出来なきゃ、免許を交付なんてさせて貰えてないし。
「しかもこれ、順番に埋まってますよ」
「惜しかったんだよなぁ~…」
「何が?」
「折角、一種までコンプリートしたのに、途中から制度改正したから台無しなんだよ」
「よりにもよって
だってさ、やっぱし行けるなら、とことんまで行きたくならない?
ちゃんと全部埋まってると、見てても気持ちいいし。
「また一つ、博士の謎が明らかになった……」
「先生が運転免許を持ってたなんて……それなら、休みの日には二人で一緒にドライブなんかして……キャッ♡」
なんかオルガが乙女になってるけど、敢えてツッコまないからな~。
「それよりも、もう一回分残ってるだろ? ちゃっちゃとやりな」
「は~い。えい」
二回目となると少しは吹っ切れたのか、さっきまでの緊張感は無くなっていて、軽く石を投げて召喚を始めた。
「今度はどんな人かな~?」
「理想としては、もう一人ぐらい後方支援役が欲しい所なんだけどな……」
なんて話している間に召喚が完了したようで、収束した光が人の形になっていく。
おや? 今度のは完全に見知らぬサーヴァントのようだ。
一体、どこの英霊なのかな?
「わ……超美形のイケメンだ……」
「あの恰好は…サムライ…ですか?」
マシュの言う通り、召喚されたのは明らかに和風な英霊。
紺色の陣羽織にポニーテールに纏めた長い髪。
不思議と、同じポニーテールなのにロマニよりはウザくない。
「なんか凄く失礼な事を言われた気がする」
なんか言ってるアホポニテは無視して。
何よりも特徴的なのは、背中に背負っている長刀。
俺の見間違えじゃなければ、あれは……。
「アサシンのサーヴァント『佐々木小次郎』。そなたが私のマスターか?」
やっぱりかよ……。
単純な剣の腕ならば、日本は愚か、世界規模で見ても最強クラスの剣士が召喚されちまった……しかも、なんでかアサシンで。

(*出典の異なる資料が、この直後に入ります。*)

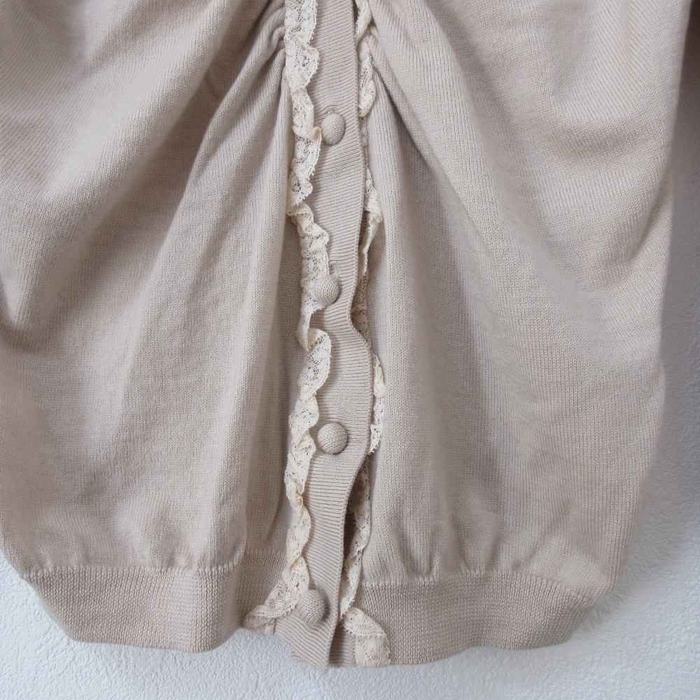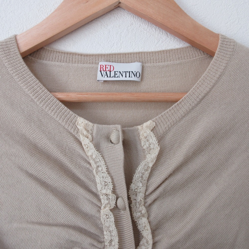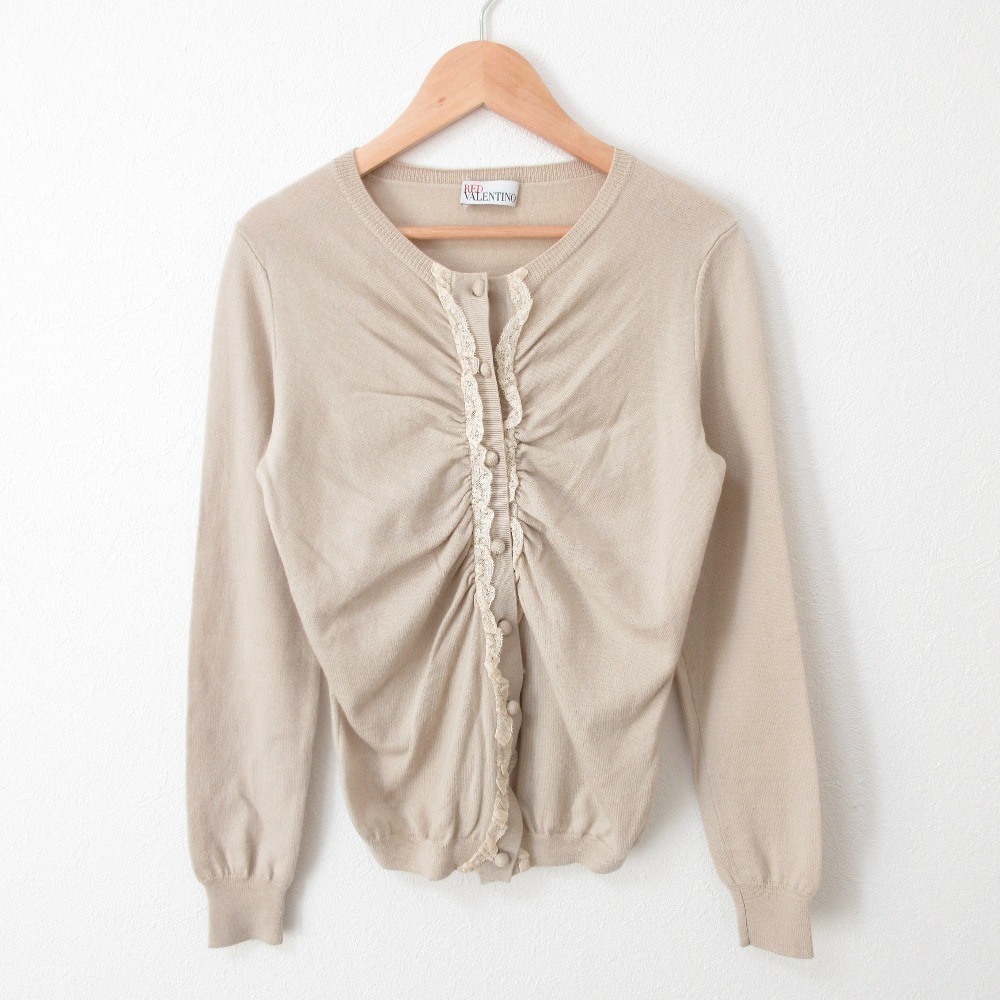商品名:美品 REDValentino レッドヴァレンティノ ウール フロントレース ギャザー くるみ釦 クルーネック 長袖 ニット カーディガン M ベージュ
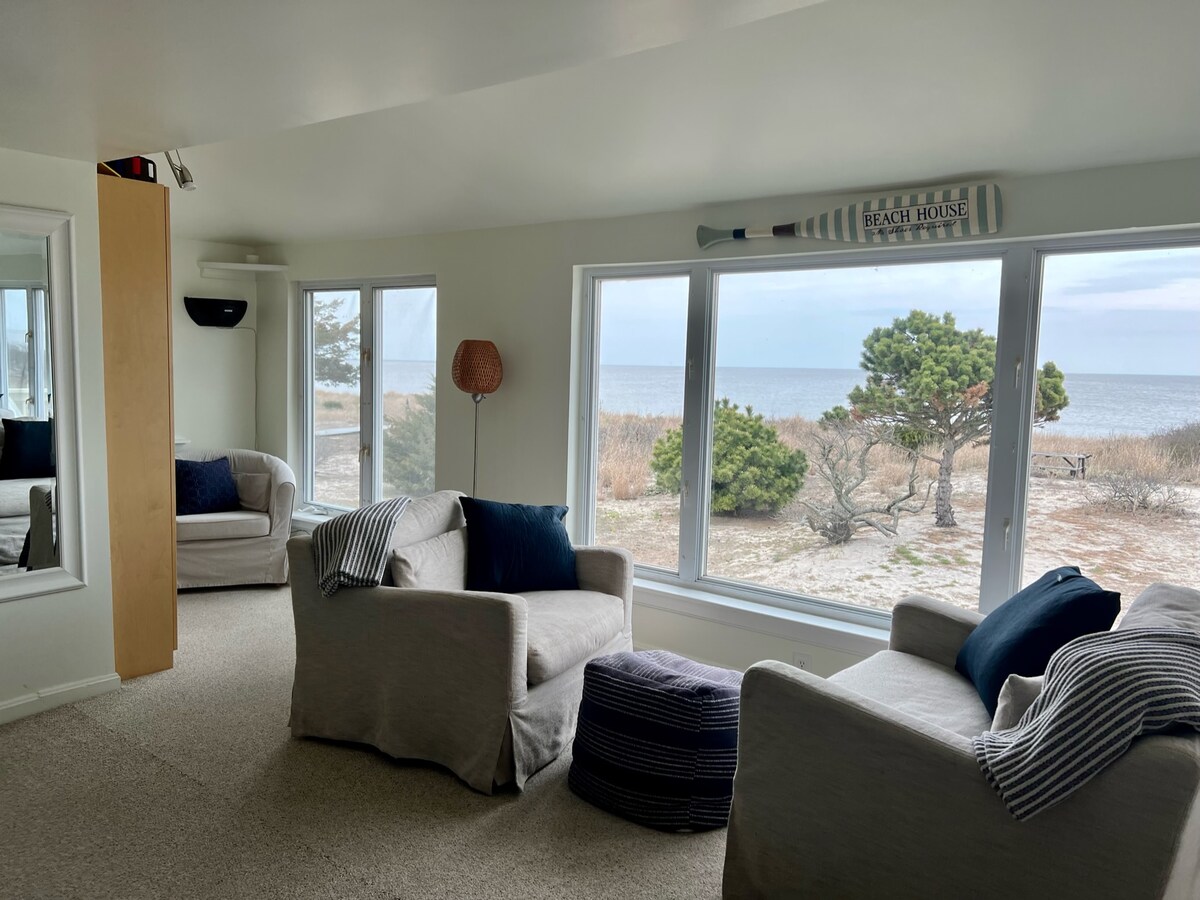 Casa frente a la playa con vistas despejadas a la bahía. Tu grupo disfrutará de asientos en primera fila para impresionantes amaneceres y vistas al agua desde el LR elevado y la terraza envolvente. La amplia terraza con parrilla y mesa de fuego es un lugar ideal para tomar tu café de la mañana o reunirte para cenar y disfrutar de las vistas y los sonidos sin obstáculos de la bahía. ¡Quédate y descubre lo que hace que Broadkill Beach sea tan especial! No se proporcionan sábanas, pero se pueden alquilar a empresas locales de ropa de cama.
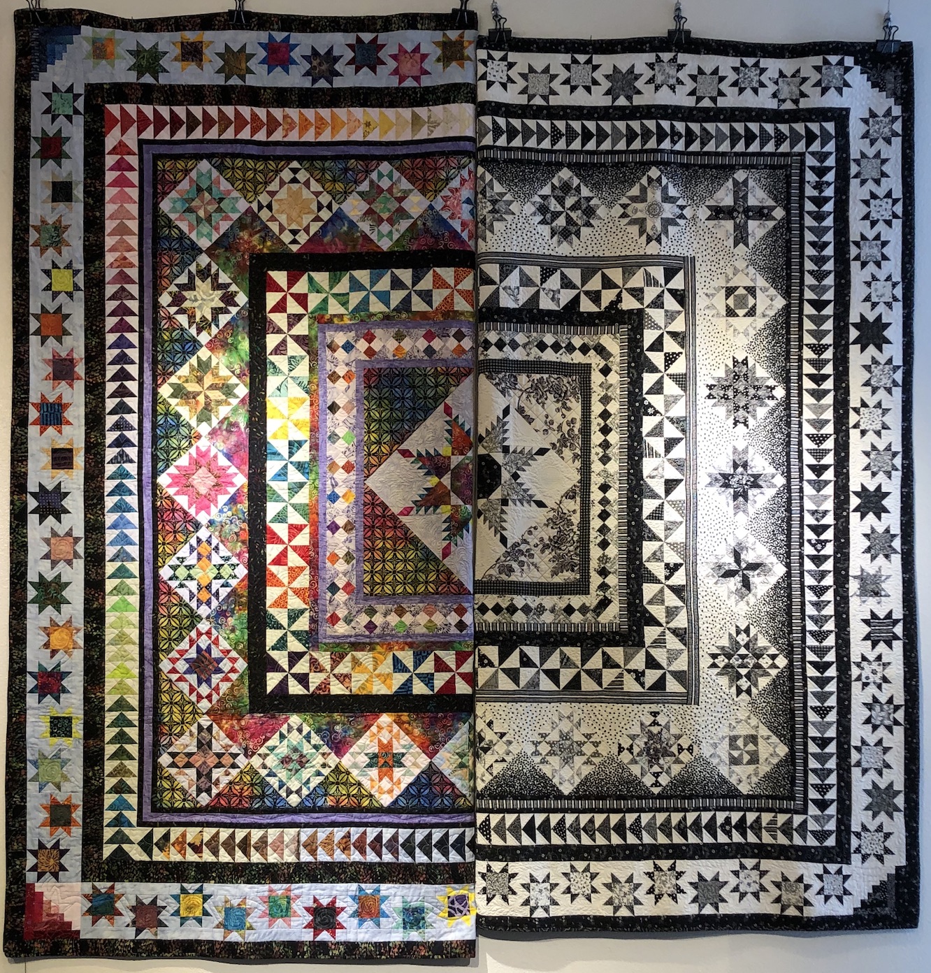 Two different quilters, Cheryl Garrison and Geneva Carroll, stitched up the 2009 TQS BOM Stars for a New Day (designed by Sue Garman) in two totally different color ways. The quilts were made by the women before they knew each other and now they have become great friends. One quilt is made in black and white and the other "June Cleaver on Acid". Bound together by their love of quliting...two different quilters, two great quilts.
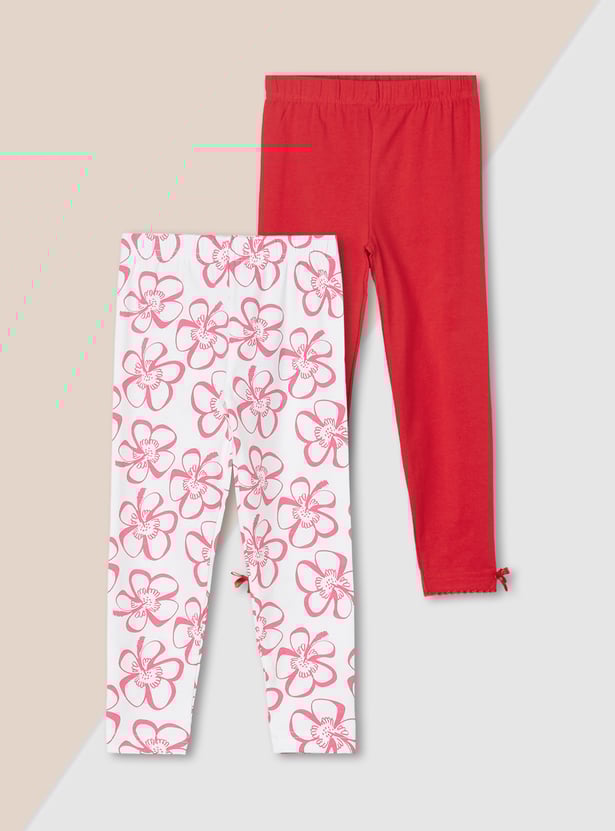 This versatile pack includes one solid and one printed leggings, both designed with an elasticated waist for a snug yet comfortable fit.
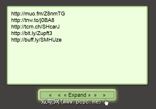 要在地址栏中使用,您要做的就是添加简短内容网址的网址,例如:http://urlex.org/http://muo.fm/Z8nmTG。如果要扩展一批URL,请用***隔开,例如:http://urlex.org/http://muo.fm/Z8nmTG***http://buff.ly/SMHUze。单击这些URL可以查看它的工作原理!
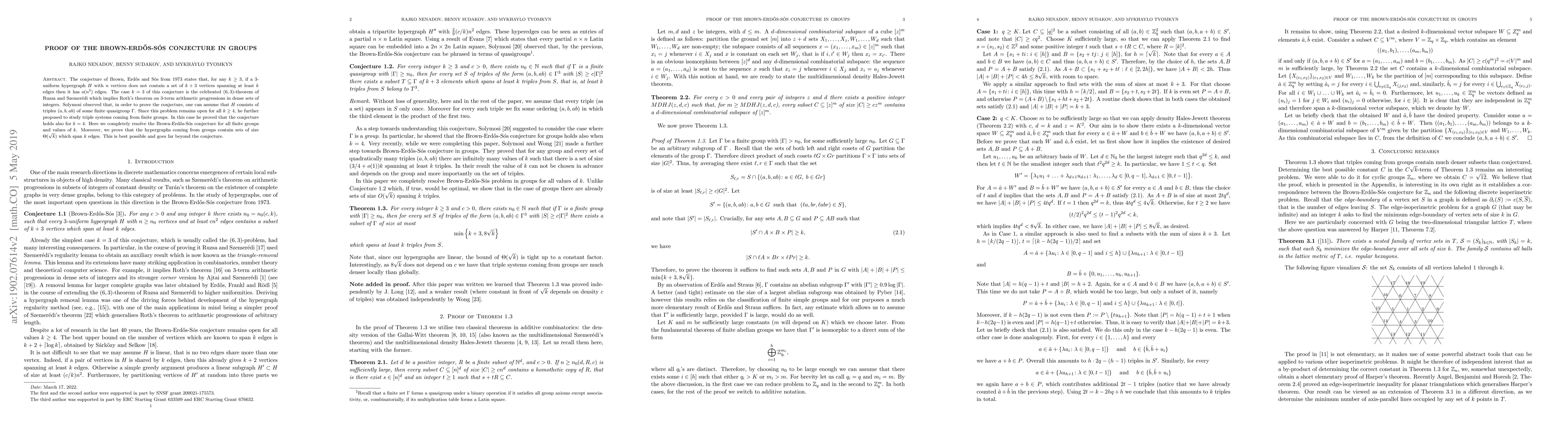 The conjecture of Brown, Erd\H{o}s and S\'os from 1973 states that, for any $k \ge 3$, if a $3$-uniform hypergraph $H$ with $n$ vertices does not contain a set of $k+3$ vertices spanning at least $k$ edges then it has $o(n^2)$ edges. The case $k=3$ of this conjecture is the celebrated $(6,3)$-theorem of Ruzsa and Szemer\'edi which implies Roth's theorem on $3$-term arithmetic progressions in dense sets of integers. Solymosi observed that, in order to prove the conjecture, one can assume that $H$ consists of triples $(a, b, ab)$ of some finite quasigroup $\Gamma$. Since this problem remains open for all $k \geq 4$, he further proposed to study triple systems coming from finite groups. In this case he proved that the conjecture holds also for $k = 4$. Here we completely resolve the Brown-Erd\H{o}s-S\'os conjecture for all finite groups and values of $k$. Moreover, we prove that the hypergraphs coming from groups contain sets of size $\Theta(\sqrt{k})$ which span $k$ edges. This is best possible and goes far beyond the conjecture.
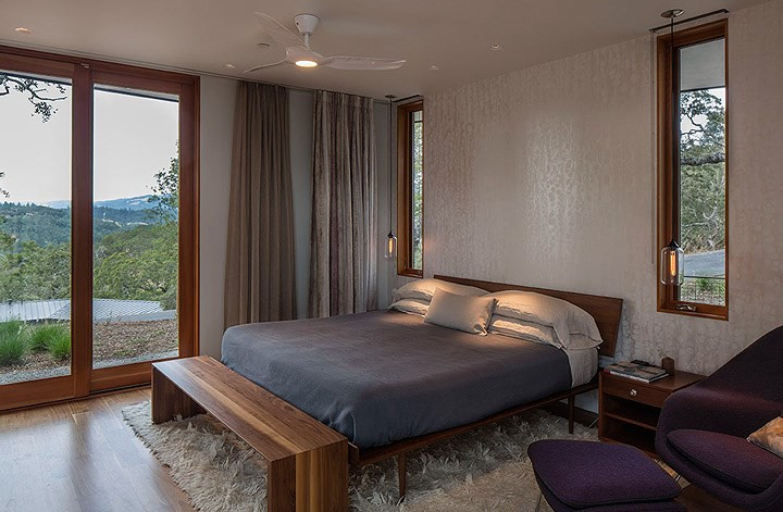Phòng ngủ có nhiều cửa lớn, vừa cung cấp ánh sáng, vừa tạo không gian thoáng đãng cũng như cung cấp tầm nhìn ra bên ngoài.
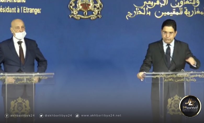 أخبار ليبيا 24 أكد وزير خارجية المغرب، ناصر بوريطة، أن تشكيل الحكومة المؤقتة في ليبيا عنصر أساسي لإتمام المرحلة الانتقالية عن طريق تحقيق الانتخابات الوطنية في موعدها المحدد. بوريطة خلال مؤتمر صحفي مشترك مع المستشار عقيلة صالح الذي يزور المغرب، شدد…
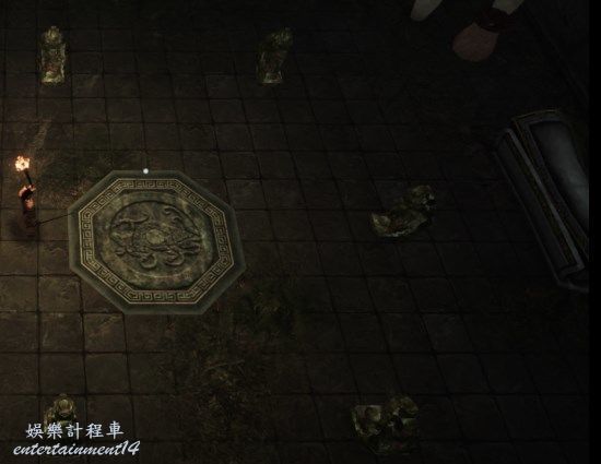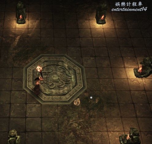 這個密室的解密也很簡單,用你的心頭血點燃每個雕像,棺材裡的女鬼就會出來,打敗他以後就可以獲得第二個機關材料。
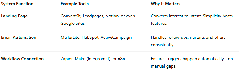 Use three core tools—landing page, email automation, workflow connector—and integrate them. Resist adding more until these run smoothly.
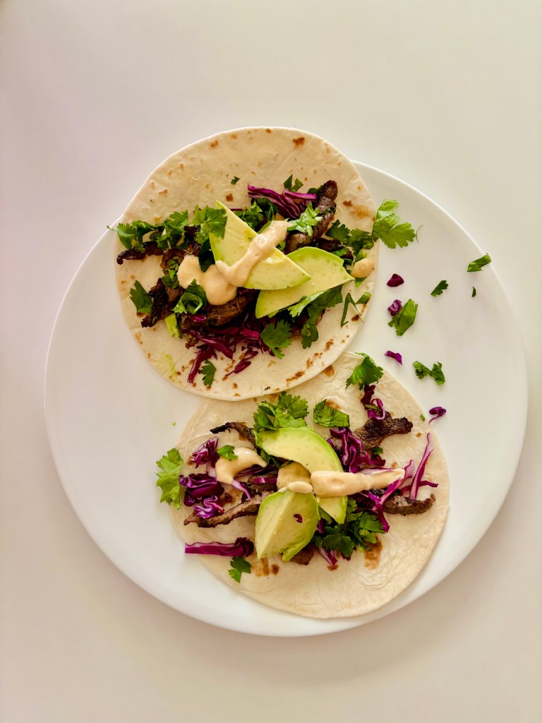 When done, heat your tortillas (flour or corn), add the beef slices, avocado, cabbage, cilantro and a squeeze of lime. You can also use a chipotle mayo or Yum Yum sauce (from the grocery store unless you have time to make your own). My husband had 2 tacos, I had one, and with the two small pieces of steak left in the pan, I just topped it with avocado, purple cabbage, cilantro and lime – no sauce. Wow, delicious. There is SO MUCH FLAVOR in the meat!
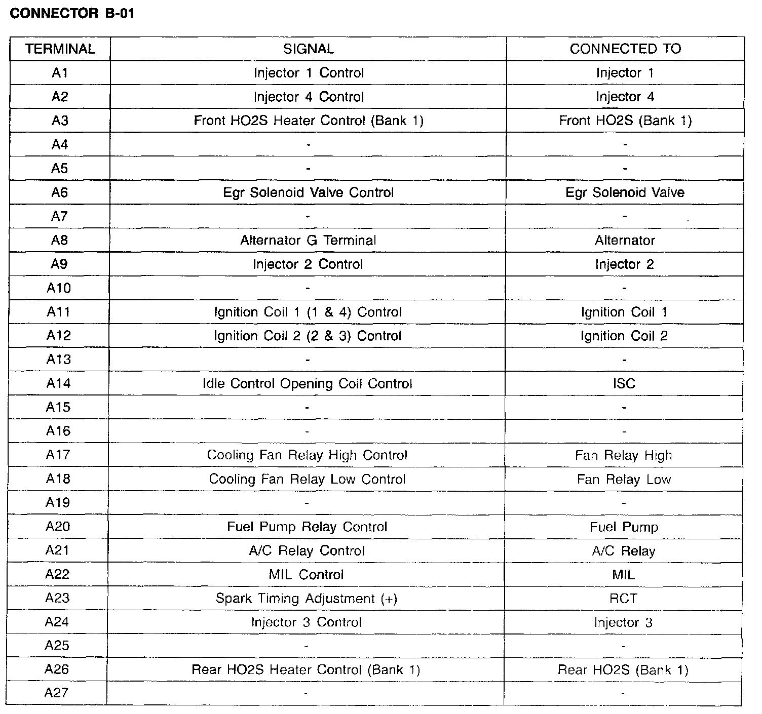 Connector B-01 (Ter. A1 - A27):
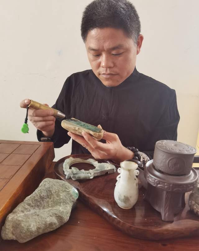 2010年,高发超在腾冲观音堂翡翠古镇租赁了一套房子,购进7台雕刻机,招收了几名学徒,建起了加工作坊,形成了前门开店、后门办坊的业态,生意做得风生水起,收入不菲。

疑問は残りまくるが…それは追々、調べていけばいいか。
今は、純粋に戦力が増えたことを喜ぼう。
そんなわけで、取り敢えずの初期メンバーは揃いました。
結果的に時事ネタになってしまいましたが、別に意識してやったわけじゃありません。
これからの展開を考えると、普通にこれがベストだったんですよね。
一応、それぞれに召喚したサーヴァントを載せておきましょうか。
もっちー:アルトリア(セイバー)。メドゥーサ(ライダー)。エミヤ(アーチャー)
メディア(キャスター)。ダ・ヴィンチ(キャスター)
ぐだ子:クー・フーリン(ランサー)。佐々木小次郎(アサシン)。